Tagged: limesdr

Monitoring Aircraft Distance Measuring Equipment (DME) with LimeSDR

Daniel Estévez has recently posted on his blog about how he uses a LimeSDR to record and analyze the DME signal used by aircraft. DME or Distance Monitoring Equipment is a radio navigation technique sometimes used by aircraft.

The concept behind DME is simple: the aircraft broadcasts a signal pulse, and a ground station receives and repeats the pulse back at another frequency. The aircraft receives the return pulse, and from the time it has taken to receive that return pulse, the distance to the ground station can be determined. The frequencies used are between 960 MHz and 1215 MHz, and the aircraft and ground station pulses are always spaced apart by 63 MHz.

In his post, Daniel explains how he records the two signals spaced 63 MHz apart using his LimeSDR. Recording this large bandwidth has some challenges since typically the LimeSDR only supports a bandwidth of 61.44 MHz, which is too small for the 63 MHz spacing. However, Daniel explains in his post how he got around this limitation by using the two RX channels on the LimeSDR, sampling at a higher 80 MSPS sample rate, and then using the LimeSDR DSP to downconvert and decimate each DME channel to 2.5 MSPS, making the final sample rate small enough to be sent over USB.

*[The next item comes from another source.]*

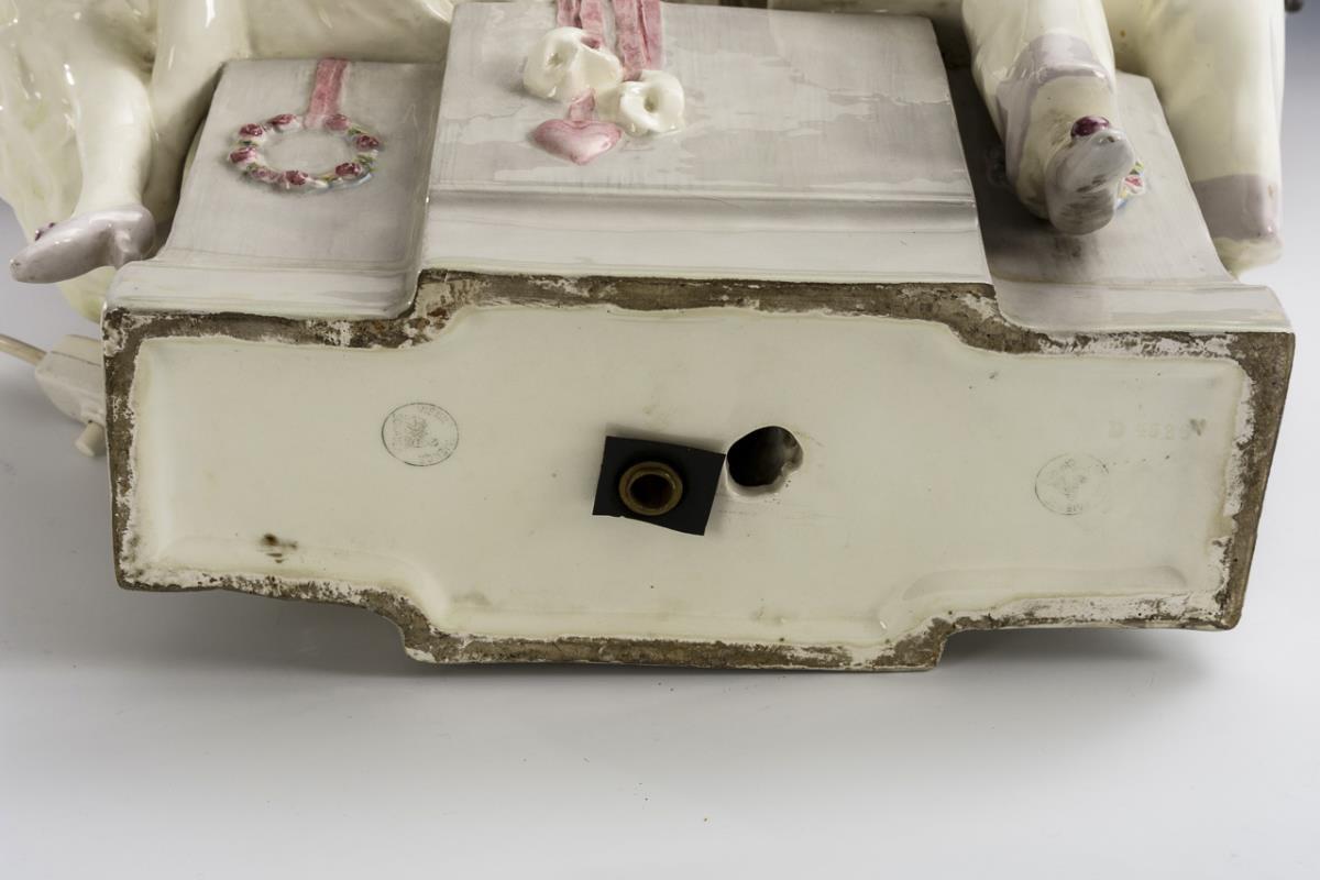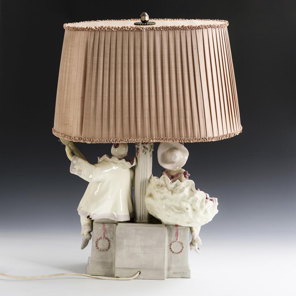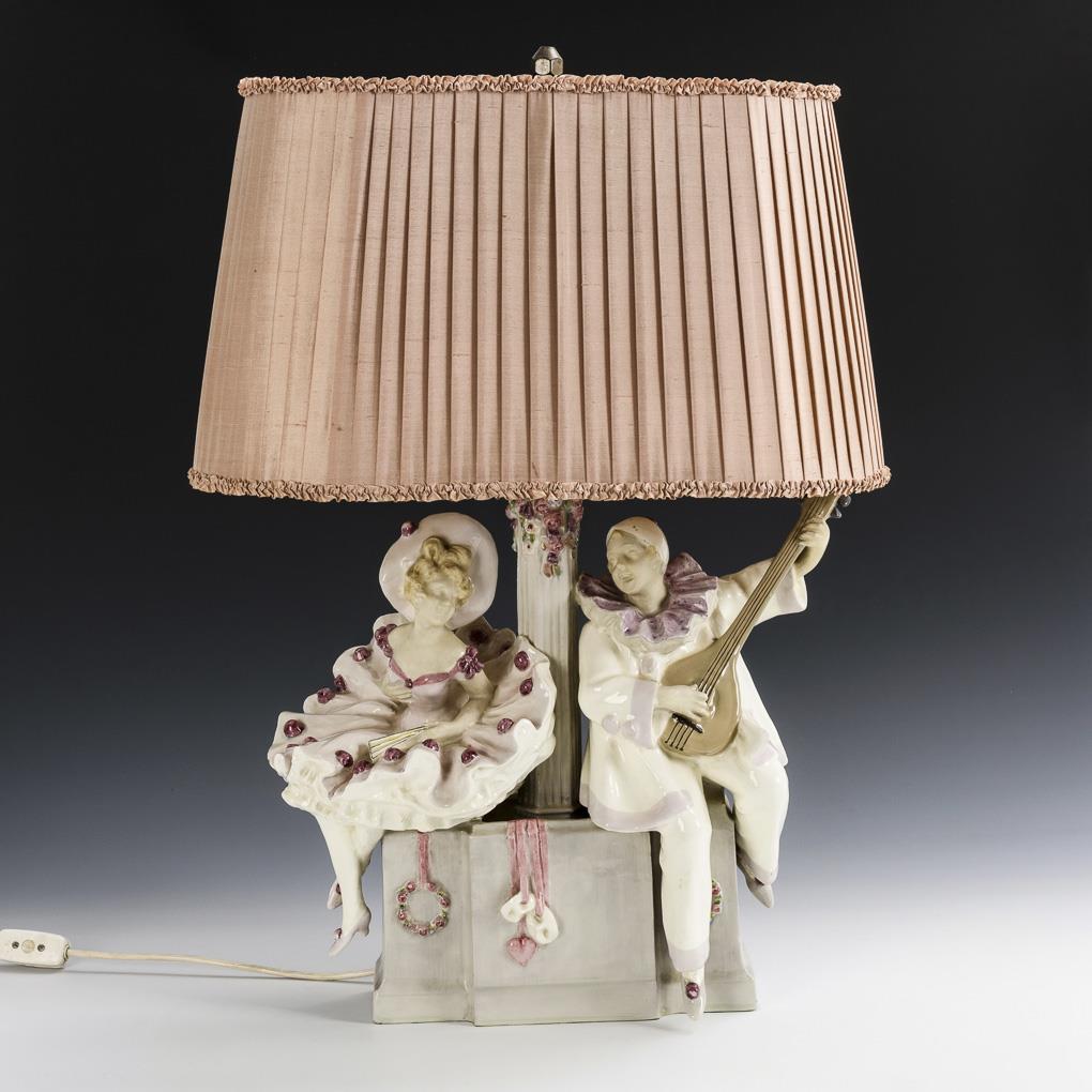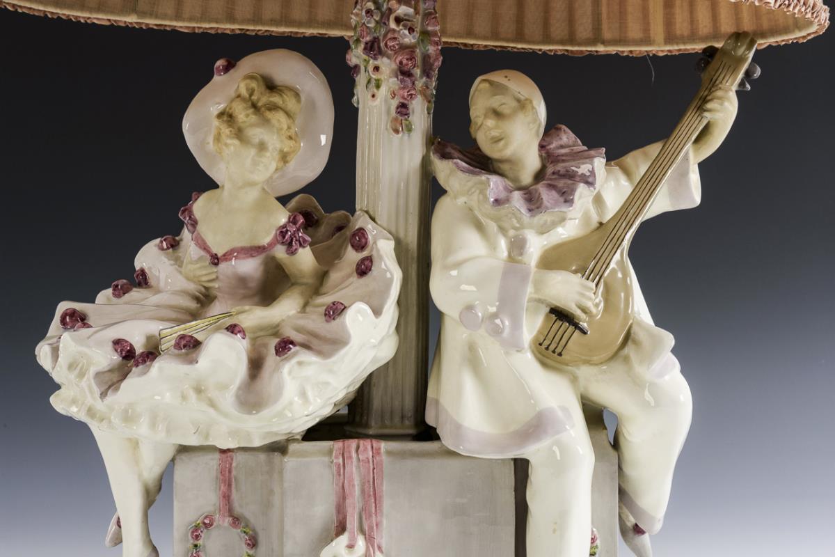 Fountain-like lamp base with flower-decorated column shaft and a lute-playing Pierrot and cheerful Colombine. Oval shade with rosé fabric cover and pleated fold. Double lamp holder. Electrified, function not tested. Lute and left hand of Pierrot restored, mount unstable / in need of revision.

The rest of the post details his experiments, analysis, and results when receiving the two DME channels through GNU Radio.

Daniel's LimeSDR DME Receiver Setup
Daniel's LimeSDR DME Receiver Setup

[Also seen on Hackaday]

Using a LimeNET Micro to Implement an Amateur Radio DMR Tier III Trunked Radio Base Station

Thank you to Adrian Musceac (author of QRadioLink) for submitting his article about how he implemented an amateur radio DMR Tier III Trunked Radio Base Station with a LimeNet-Micro software-defined radio. DMR Tier III is a digital voice trunked radio system that employs Time Division Multiple Access (TDMA) technology. Tier III is largely based on Tier II, but adds trunking abilities which enable efficient channel access and resource allocation.

The LimeNET Micro is a software defined radio based on the LimeSDR, but it has some upgraded specifications such as an embedded Raspberry Pi Compute Module 3+ that make it easier to deploy as a base station.

Adrian writes:

The Tier III extension (trunked radio) to the DMR standard is defined and specified by the European Telecommunications Standards Insititute (ETSI) in the TS 102 361-4 document.

The project uses LimeNet-Micro, LimeSDR-mini or Ettus USRP hardware to set up  such a base station for experimental and amateur radio digital voice communications purposes. The core components of this project are MMDVM, MMDVMHost (both under the form of forks supporting communication via ZeroMQ and pseudo-TTY), GNU Radio, DMRGateway, QRadioLink and the DMR trunked radio controller GUI.

Since DMR trunked radio is not very well known and used in the amateur radio world, I hope this will bring some new information to amateurs interested in these digital voice communication technologies. All code used is available as free and open source software (FOSS). A demo of the project used with real world amateur radio communications can be found on the page.

DMR Tier III system software architecture
DMR Tier III system software architecture

Creating a Multicarrier Base Station Transceiver For DMR, YSF, M17 and more with MMDVM and LimeSDR

Thank you to Adrian, creator of the QRadioLink software for writing in and sharing with us his post about how he uses a LimeSDR as an Multi Mode Digital Voice Modem (MMDVM) for various modes including DMR, YSF and M17. 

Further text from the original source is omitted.